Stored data
__________________________________________________
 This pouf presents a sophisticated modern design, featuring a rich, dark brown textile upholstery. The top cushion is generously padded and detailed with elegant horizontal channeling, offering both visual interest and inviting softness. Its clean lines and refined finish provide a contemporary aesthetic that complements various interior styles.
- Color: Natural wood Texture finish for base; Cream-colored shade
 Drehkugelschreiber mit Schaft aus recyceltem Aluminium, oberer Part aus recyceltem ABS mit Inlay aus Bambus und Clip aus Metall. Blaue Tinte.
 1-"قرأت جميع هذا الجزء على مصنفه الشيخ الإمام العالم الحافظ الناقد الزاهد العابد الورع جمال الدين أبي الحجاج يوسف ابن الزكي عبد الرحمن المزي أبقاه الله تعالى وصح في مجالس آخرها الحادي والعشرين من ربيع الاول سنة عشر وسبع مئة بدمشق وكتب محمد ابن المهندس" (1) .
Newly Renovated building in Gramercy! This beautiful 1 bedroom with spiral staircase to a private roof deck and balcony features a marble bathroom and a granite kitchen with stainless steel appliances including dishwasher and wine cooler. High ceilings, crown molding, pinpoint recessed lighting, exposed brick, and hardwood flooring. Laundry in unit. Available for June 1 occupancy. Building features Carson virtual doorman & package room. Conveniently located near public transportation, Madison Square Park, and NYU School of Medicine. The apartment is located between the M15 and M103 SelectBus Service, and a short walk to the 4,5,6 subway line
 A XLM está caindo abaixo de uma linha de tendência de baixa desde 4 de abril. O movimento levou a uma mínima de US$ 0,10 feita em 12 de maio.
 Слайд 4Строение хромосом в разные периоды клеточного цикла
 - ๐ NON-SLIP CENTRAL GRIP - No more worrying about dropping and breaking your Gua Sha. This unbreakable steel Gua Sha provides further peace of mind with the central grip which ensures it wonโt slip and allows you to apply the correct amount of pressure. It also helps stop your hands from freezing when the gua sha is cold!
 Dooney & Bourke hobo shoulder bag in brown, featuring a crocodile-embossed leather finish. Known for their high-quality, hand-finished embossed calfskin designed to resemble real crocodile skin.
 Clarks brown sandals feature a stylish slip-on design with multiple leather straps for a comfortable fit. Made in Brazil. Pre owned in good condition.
__________________________________________________
Your goal. Lines from the entries that contain the string "leather" must be found and copied.

Response area.
 Dooney & Bourke hobo shoulder bag in brown, featuring a crocodile-embossed leather finish. Known for their high-quality, hand-finished embossed calfskin designed to resemble real crocodile skin.
 Clarks brown sandals feature a stylish slip-on design with multiple leather straps for a comfortable fit. Made in Brazil. Pre owned in good condition.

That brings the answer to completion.